Finding all integers such that $a^2+4b^2 , 4a^2+b^2$ are both perfect squares
Are there any integers $a,b$, such that:
$$a^2+4b^2 , 4a^2+b^2$$
are both perfect squares?
Here are the first several steps. Notice that the equations are homogenous, so we can look for rational solutions and clear out the denominators at the end. The basic point here is that $\{ a^2+4b^2=c^2, 4a^2+b^2 = d^2 \}$ is a genus one curve in $\mathbb{P}^3$, and there are good methods to find rational points on genus one curves.
By the standard parametrization of Pythagorean triples, $(a,b,c)$ must be of the form $(x^2-y^2, xy, x^2+y^2)$. So we now want to solve $4 (x^2-y^2)^2 + (xy)^2 = d^2$. As in this question, set $u=x/y$ and $e=d/y^2$, so $4 (u^2-1)^2 + u^2 = e^2$. (Note that we have discarded the solutions at $y=0$.) We can recover $(x,y,d)$ from $(u,e)$ as $(x,y,d) = (uy, y, e y^2)$.

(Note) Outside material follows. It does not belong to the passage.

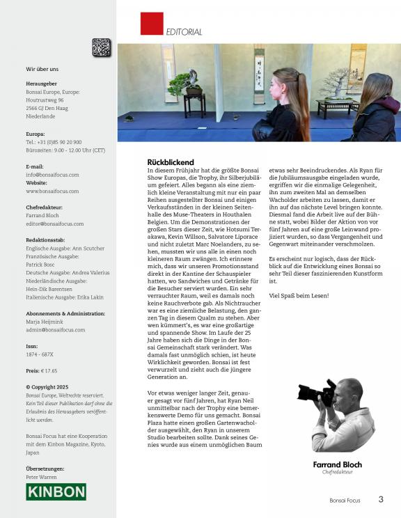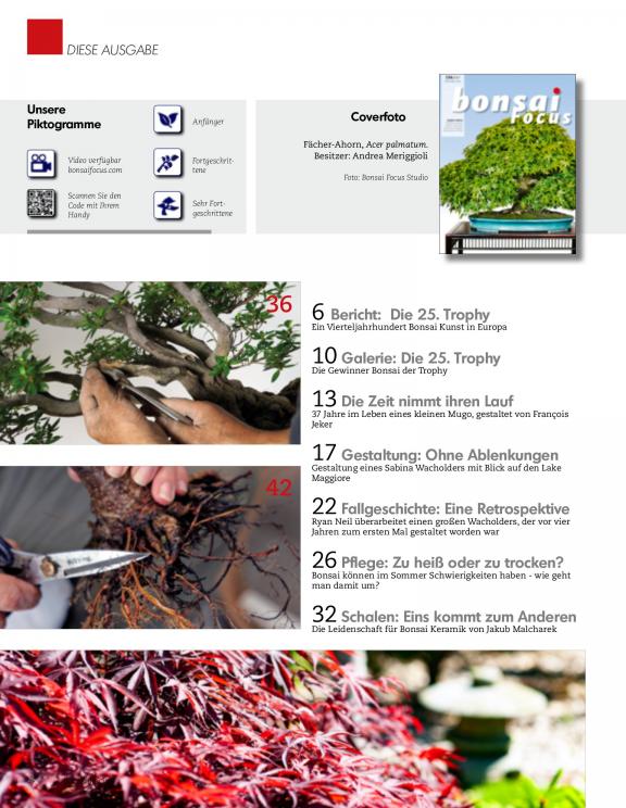 Entdecken Sie die fasinierenden Inhalte der Bonsai Focus! Mit vielen interessanten, informativen Reportagen und fantastischen Fotografien, erscheint das Magazin alle zwei Monate. Das Bonsai Focus Magazin zeigt Ihnen außergewöhnliche Bonsai, großartige Gestaltungen berühmter Meister, lehrreiche Techniken und brauchbare Pflege-Tips. Häufig gibt es zu den Artikeln exklusive und atemberaubende Videos.

Expanding, we have $e^2=4u^4 - 7 u^2+4$ or $e^2 - (2u^2 -7/4)^2=15/16$. This is a genus one curve, with two rational points at $\infty$, where $e \approx \pm 2 u^2$. A genus one curve with a rational point is an elliptic curve. As in my previous answer, we now compute what that elliptic curve is explicitly. Set $$v = e-2u^2+7/4 \quad f = u(e-2u^2+7/4).$$ Note that $u=f/v$ and $e = v + 2 (f/v)^2 -7/4$, so $(u,e)$ are rational if and only if $(v,f)$ are. We have $$v(v+4(f/v)^2 - 7/2) = 15/16$$ or, clearing denominators, $$64 f^2 = 15 v + 56 v^2 - 16 v^3.$$
The next step is to find rational points on this elliptic curve. I know that there is standard software for this, but I don't know how to use it. Hopefully, someone how does will finish off this question (and the previous one).
Integers $m$ such that,
$$ma^2+b^2=d^2\\a^2+mb^2 = c^2\tag1$$
have solutions unfortunately do not have an official name. However, the $n$ of a similar system,
$$a^2+b^2 = c^2\\a^2+nb^2=d^2\tag2$$
are called concordant numbers and it is well-established it has positive solutions $a,b$ for the sequence,
$$n=1, 7, 10, 11, 17, 20, 22, 23, 24, 27, 30, 31, 34, 41, 42, 45, 47, 49,\dots$$
Let $m=r^2,$ and $a=p/r,\; b= q$, then,
$$p^2+q^2=s_1^2\\p^2+r^4q^2 = s_2^2\tag3$$
But since in your case we have $m=r^2=4,$ and $n=r^4=16$ is not a concordant number, then $(1)$ has no positive integer solutions.